There’s no evidence that the coronavirus is transmittable by blood; today’s coronavirus falls into the same virus family as MERS and SARS, neither of which are transmitted via blood. However, out of an abundance of caution, the Red Cross is requesting that individuals postpone donation if they have the coronavirus or have recently traveled to certain countries with outbreaks. They’re also postponing donations from people who have had “contact with a person who has or is suspected to have the virus”—which is tricky, given how widespread the virus is expected to become, and that those with mild cases may not present symptoms.

The bottom line: “We really only want healthy people at a donor center,” says Dr. Claudia Cohn, chief medical officer of the American Association of Blood Banks, the industry’s primary umbrella organization. If someone starts to exhibit symptoms in the days after donating blood, they can call the blood bank, which can trigger a recall.

Making matters worse is that the typical measures to ameliorate blood shortages simply won’t work in the current environment. Usually when there’s a local shortage of blood because of, say, a natural disaster or a mass shooting, other regions step up to fill in the supply. The challenge with the coronavirus is that it’s everywhere, and likely will be for a long time. “There are going to be very few centers that have that excess of capacity,” says Eduardo Nunes, AABB’s vice president of quality and standards. “It’s very tenuous right now. The kinds of concerns that you’re hearing from blood center leaders are really unique and fairly alarming.”

Blood supply levels were already low thanks to the seasonal flu, says Kate Fry, CEO of America’s Blood Centers. Fry is particularly concerned about the coming days and weeks: “We’re just on that starting edge of all these cancellations.”

Fortunately, the coronavirus hasn’t increased the demand for blood so far: Care of patients with the coronavirus doesn’t typically involve blood transfusions, Cohn says. But many health conditions, like cancer or sickle cell disease, require regular blood transfusions—and that demand stays constant, even as blood supply lowers. (Donations have a shelf life of six weeks.) If supply continues to dwindle, hospitals may have to go to lengths to reduce the amount of blood they’re using, saving it for the most acute situations. Taken to the extreme, that could mean cutting out things like prophylactic transfusions, which provide preventative care to cancer patients, and elective surgeries. 

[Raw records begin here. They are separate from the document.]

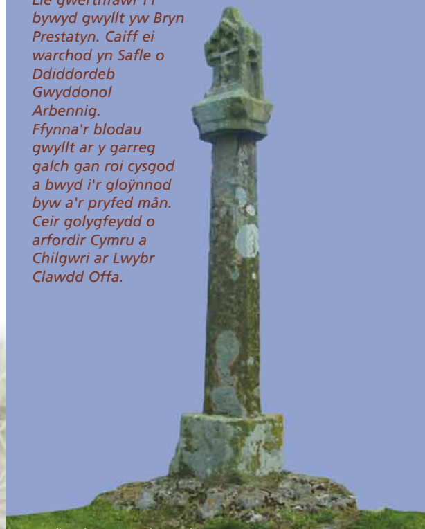
Medieval Cross, Trelawnyd Y Groes Ganoloesol, Trelawnyd

Ffynna'r blodau gwyllt ar y garreg galch gan roi cysgod a bwyd i'r gloŷnnod byw a'r pryfed mân. Ceir golygfeydd o arfordir Cymru a Chilgwri ar Lwybr Clawdd Offa.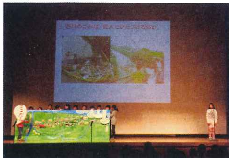
小瀬小の児童によるステージ発表

参加児童による意見交換では、「みんなでごみを拾う」「ポイ捨てをしないよう地域の人に呼びかける」など西川をきれいにするための意見が出されました。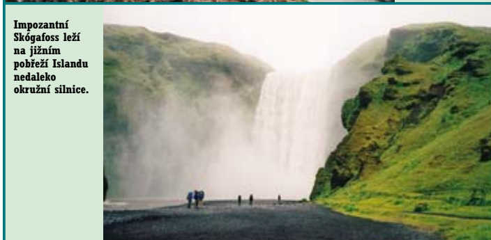
Impozantní Skógafoss leží na jižním pobřeží Islandu nedaleko okružní silnice.

The precariousness of the blood supply also means that “any kind of mass casualty situation would really be an altogether new type of challenge,” says Nunes. “There’s no sort of slack in the supply to meet a sudden peak in demand.”

Unlike many developing countries and war zones, the United States has never experienced a prolonged, nationwide blood shortage, Nunes adds: “There is a constant state of uncertainty about what’s going to happen next.”